Task to carry out ▸ Exactly as written, write out the lines below from the first to the one containing "L'installation de la", inclusive. Pictures do not belong in the copy.

** Opening Provided records block **

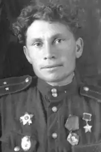 - ↑ Указ Президиума Верховного Совета СССР «О присвоении звания Героя Советского Союза генералам, офицерскому, сержантскому и рядовому составу Красной Армии» от 10 января 1944 года // Ведомости Верховного Совета Союза Советских Социалистических Республик : газета. — 1944. — 19 января (№ 3 (263)). — С. 1. Архивировано 7 декабря 2021 года.
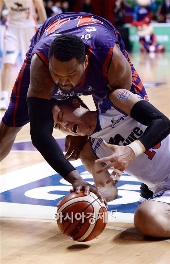 [고양=아시아경제 김현민 기자] 프로농구 고양 오리온과 인천 전자랜드의 경기가 22일 고양체육관에서 열렸다. 오리온 존슨이 상대 정효근과 공을 다투고 있다.
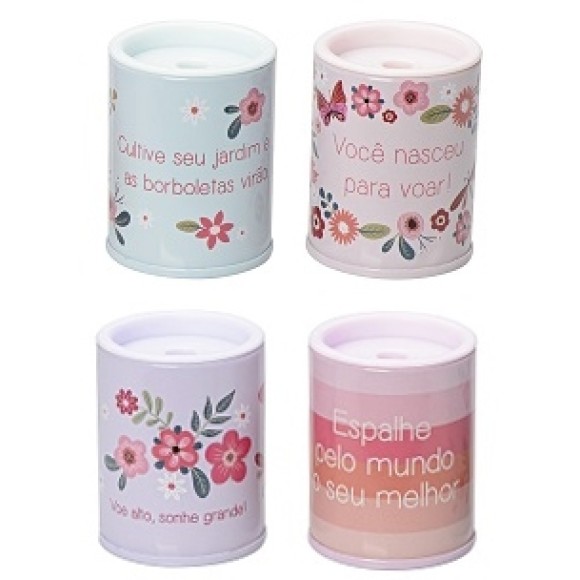 O Apontador com Depósito Borboletas da Molin contém um depósito metálico e estampas lindas.
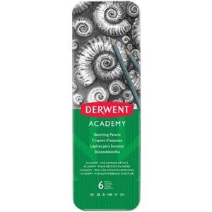 Derwent Academy Matite Grafite 6 pz - 3B, 2B, B, HB, H, 2H - Alta Qualità per Artisti Principianti
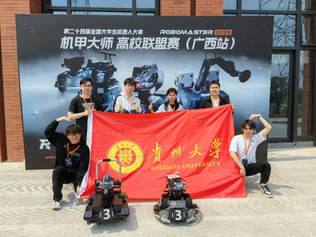 貴州大學機甲大師戰(zhàn)隊是一只年輕充滿活力的隊伍,由機械工程學院干雪梅老師作為指導教師,戰(zhàn)隊成員來自于機械工程學院,大數(shù)據(jù)與信息工程學院,北阿拉巴馬大學國際工程技術學院和電氣工程學院的交叉學科團隊。此次獲獎不僅是對機甲大師戰(zhàn)隊努力的肯定,也是學校在RoboMaster賽事中取得的重大突破。相信在學校教務處和機械工程學院領導的關心指導下,機甲戰(zhàn)隊將以此次佳績?yōu)樾缕瘘c,持續(xù)跨學科融合,優(yōu)化團隊協(xié)作,積極備戰(zhàn)后續(xù)賽事,努力在3V3對抗賽和超級對抗賽展現(xiàn)貴大學子的創(chuàng)新風采與拼搏精神,為學校爭得更多榮譽。
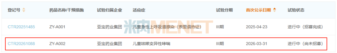 ZY-A002为化药1.1类新药,主要用于儿童咳嗽变异性哮喘(风邪恋肺证),亚宝药业在2025年9月获得了该新药的临床批件,2026年3月底正式启动III期临床,该产品是公司首个申报的中药1.1类新药。
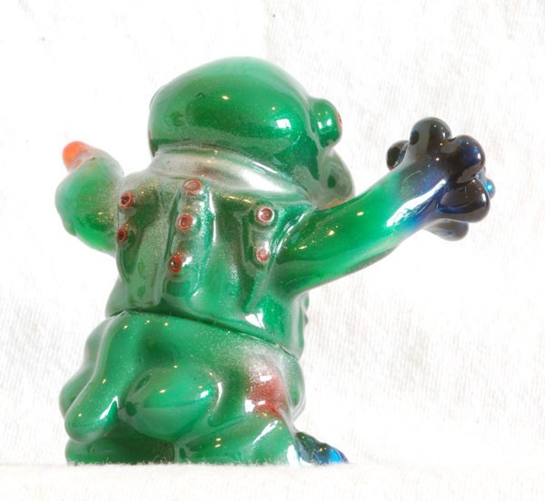 This guy is on clear vinyl, and most of the colors are applied thin so he still lights up on direct light.
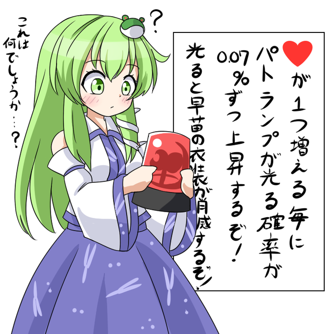 1いいね増える毎にパトランプが光る確率が 0.07%上昇していく パトランプが光ったら早苗さんの衣装が消滅するぞ!
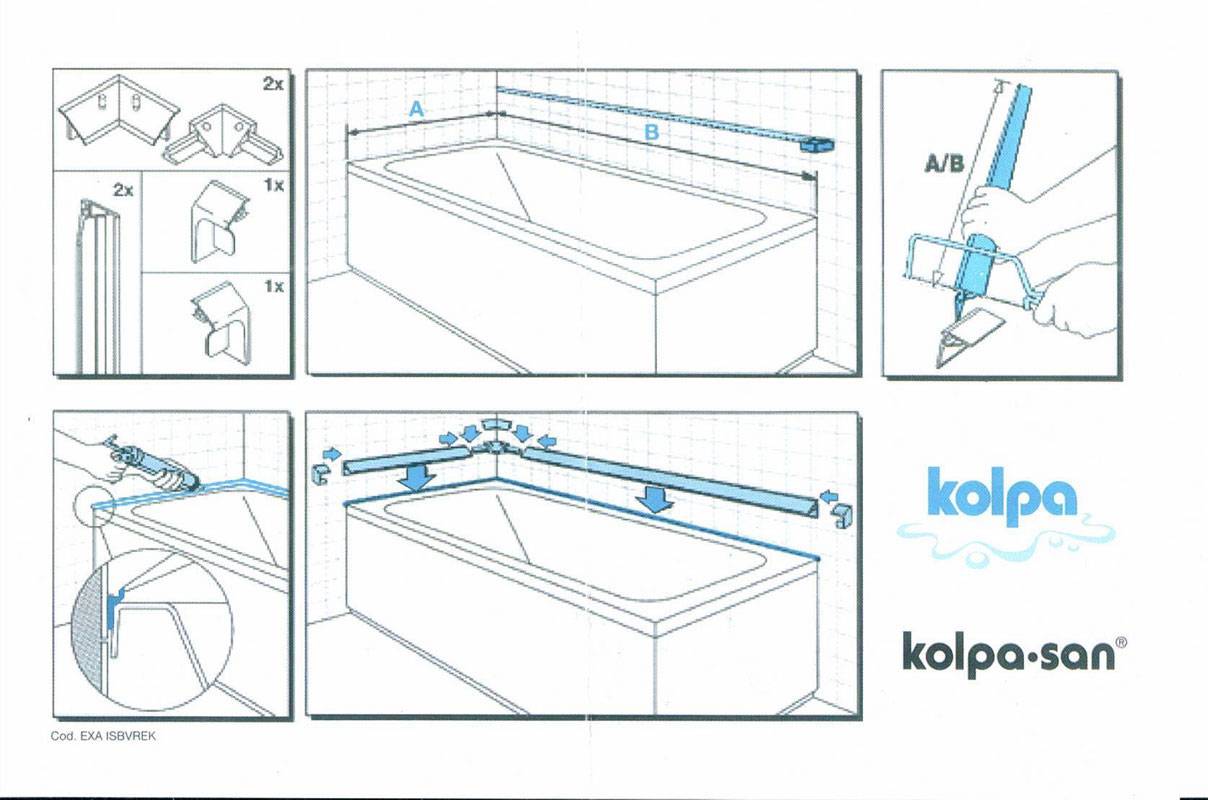 L'installation de la baignoire se fait après la pose de la finition finale sur les murs carrelés. Après avoir installé la baignoire de vos propres mains, le joint entre le mur et le côté est scellé avec du silicone ou un ruban adhésif élastique spécial est collé, ce qui scellera l'écart de l'eau qui coule le long du mur arrière.
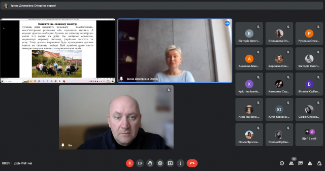 13 квітня 2023 року для студентів 1 курсу спеціальності «Дошкільна освіта» Факультету педагогічної освіти в межах проведення просвітницьких заходів з питань профілактики та попередження нещасних випадків, збереження психічного здоров’я, безпеки життєдіяльності, правил поводження в екстремальних ситуаціях відбувся гостьовий онлайн-тренінг Ірини Дмитрівни Омері, кандидата біологічних наук, доцента кафедри фізичної терапії та ерготерапії Факультету здоров’я, фізичного виховання і спорту на тему: «Збереження психічного здоров’я засобами саморегуляції».

** Closing Provided records block **

Reply ▸
 - ↑ Указ Президиума Верховного Совета СССР «О присвоении звания Героя Советского Союза генералам, офицерскому, сержантскому и рядовому составу Красной Армии» от 10 января 1944 года // Ведомости Верховного Совета Союза Советских Социалистических Республик : газета. — 1944. — 19 января (№ 3 (263)). — С. 1. Архивировано 7 декабря 2021 года.
 [고양=아시아경제 김현민 기자] 프로농구 고양 오리온과 인천 전자랜드의 경기가 22일 고양체육관에서 열렸다. 오리온 존슨이 상대 정효근과 공을 다투고 있다.
 O Apontador com Depósito Borboletas da Molin contém um depósito metálico e estampas lindas.
 Derwent Academy Matite Grafite 6 pz - 3B, 2B, B, HB, H, 2H - Alta Qualità per Artisti Principianti
 貴州大學機甲大師戰(zhàn)隊是一只年輕充滿活力的隊伍,由機械工程學院干雪梅老師作為指導教師,戰(zhàn)隊成員來自于機械工程學院,大數(shù)據(jù)與信息工程學院,北阿拉巴馬大學國際工程技術學院和電氣工程學院的交叉學科團隊。此次獲獎不僅是對機甲大師戰(zhàn)隊努力的肯定,也是學校在RoboMaster賽事中取得的重大突破。相信在學校教務處和機械工程學院領導的關心指導下,機甲戰(zhàn)隊將以此次佳績?yōu)樾缕瘘c,持續(xù)跨學科融合,優(yōu)化團隊協(xié)作,積極備戰(zhàn)后續(xù)賽事,努力在3V3對抗賽和超級對抗賽展現(xiàn)貴大學子的創(chuàng)新風采與拼搏精神,為學校爭得更多榮譽。
 ZY-A002为化药1.1类新药,主要用于儿童咳嗽变异性哮喘(风邪恋肺证),亚宝药业在2025年9月获得了该新药的临床批件,2026年3月底正式启动III期临床,该产品是公司首个申报的中药1.1类新药。
 This guy is on clear vinyl, and most of the colors are applied thin so he still lights up on direct light.
 1いいね増える毎にパトランプが光る確率が 0.07%上昇していく パトランプが光ったら早苗さんの衣装が消滅するぞ!
 L'installation de la baignoire se fait après la pose de la finition finale sur les murs carrelés. Après avoir installé la baignoire de vos propres mains, le joint entre le mur et le côté est scellé avec du silicone ou un ruban adhésif élastique spécial est collé, ce qui scellera l'écart de l'eau qui coule le long du mur arrière.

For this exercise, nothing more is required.